Antidepressant Effects of C-Terminal Domain of the Heavy Chain of Tetanus Toxin in a Rat Model of Depression

Bruk Getachew a, Liliana Mendieta b, Antonei B Csoka c, José Aguilera d, Yousef Tizabi a,*
PMCID: PMC6556421  NIHMSID: NIHMS1530349  PMID: 31125623

Abstract

The C-terminal domain of the heavy chain of tetanus toxin (Hc-TeTx) may be of therapeutic potential in motor impairments associated with Parkinson disease (PD). Since depression is a common co-morbid condition with PD, we undertook this study to determine whether Hc-TeTx might also show antidepressant-like properties and whether central brain-derived neurotrophic factor (BDNF) and/or tumor necrosis factor (TNF)-alpha are also affected by it. Adult male Wistar-Kyoto rats, a putative animal model of depression, were treated with various doses of Hc-TeTx (0, 20, 40 and 60 μg/kg, IM) and their performance in the open field locomotor activity (OFLA) as well as in the forced swim test (FST) was evaluated at 24 h, one week and two weeks after the single injection. A separate group of rats were injected with 60 μg/kg Hc-TeTx and sacrificed 24 h later for neurochemical evaluations. Hc-TeTx resulted in a dose-dependent decrease in immobility score after 24 h, whereas OFLA was not affected. Concomitant with the 24 h behavioral effects, the levels of hippocampal and frontal cortical BDNF were significantly increased, whereas the levels of TNF-alpha in both these areas were significantly decreased. The decrease in immobility scores following higher doses of Hc-TeTx were still evident after one week, but not 2 weeks of rest. These results indicate long lasting antidepressant effects of a single Hc-TeTx dose and suggest potential utility of Hc-TeTx in PD-depression comorbidity.

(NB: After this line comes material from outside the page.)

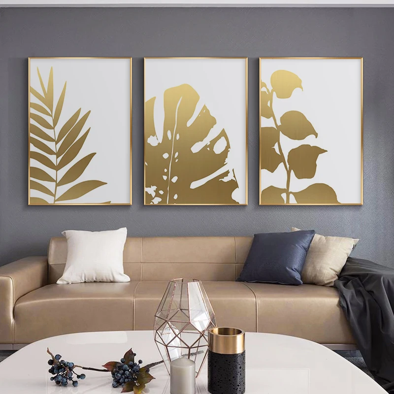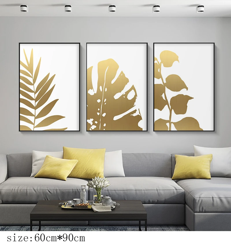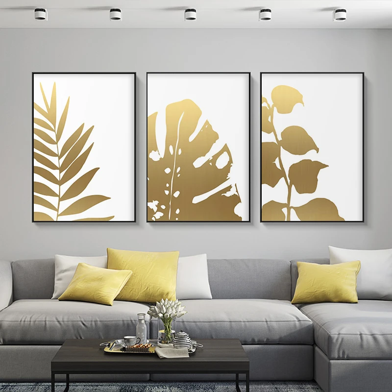 Золотой растительный лист холст постер Monstera печать Современный домашний декор настенная живопись скандинавский Декор для гостиной картина
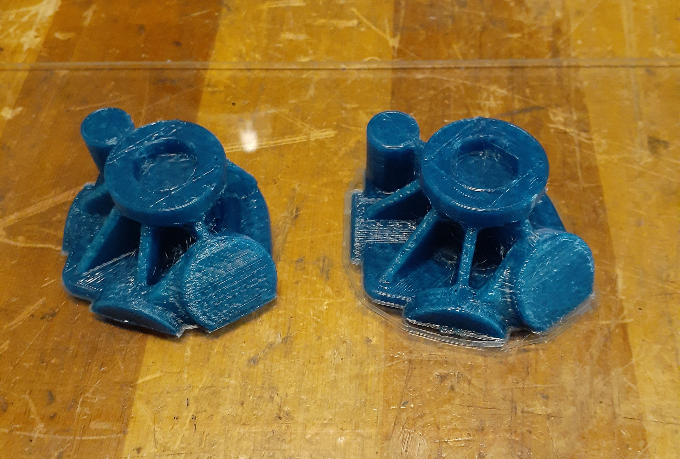 A print (right side) with slightly lower temps (140C print, 85C bed) came out marginally better. I’ll wait for some feedback from machinablewax.com’s tech support before doing any more print tests.

Keywords: Helplessness, Forced Swim Test, BDNF, TNF-alpha, Hippocampus, Frontal Cortex, Parkinson’s Disease


The toll extracted by clinical depression, characterized by a despondent feeling, loss of interest in pleasurable activities, guilt, worthlessness, and trouble concentrating, is of immense medical concern. This is because the prevalence is relatively high. In US alone, approximately 16 million people or 7% of the adults are afflicted with major depressive disorder, which may also include abnormalities in appetite and sleep and loss of productivity and suicidal ideation. The actual suicide rate, estimated at 1 million worldwide, not only affects the afflicted individual but also the family and friends and at times the entire community [1], [2].

Although our understanding of the highly complex neurobiological circuitry of mood regulation remains far from complete, it is known that the symptoms of depression are diverse and vary from patient to patient. In addition, a number of drugs developed over the past 6 decades such as, tricyclic antidepressants (TCAs), monoamine oxidase inhibitors (MAOIs), norepinephrine reuptake inhibitors (NRIs), and selective serotonin reuptake inhibitors (SSRIs) have offered significant relief to at least some of the patients [1]. These medications, however, based on biogenic amine theory of depression, which posits that a decrease in these neurotransmitters is the primary cause of the disorder, have several major drawbacks. These include: limited efficacy, delayed onset and various undesirable side effects [3], some of which may be persistent [4]. Hence more rapid onset antidepressants with wider efficacy and lower side effects are urgently needed.

The search for such compounds is facilitated by availability of various models of depression, including the non-induced and treatment-resistant Wistar Kyoto (WKY) rat model. WKY rats, an inbred stain, initially developed as a normotensive control for the spontaneously hypertensive rats [5], were later found to demonstrate exaggerated immobility in the forced swim test (FST), a measure of helplessness or depressive-like behavior [6]. Moreover, it was found that these rats are irresponsive to SSRIs, and hence may be considered as a model of treatment resistant depression [7], [8].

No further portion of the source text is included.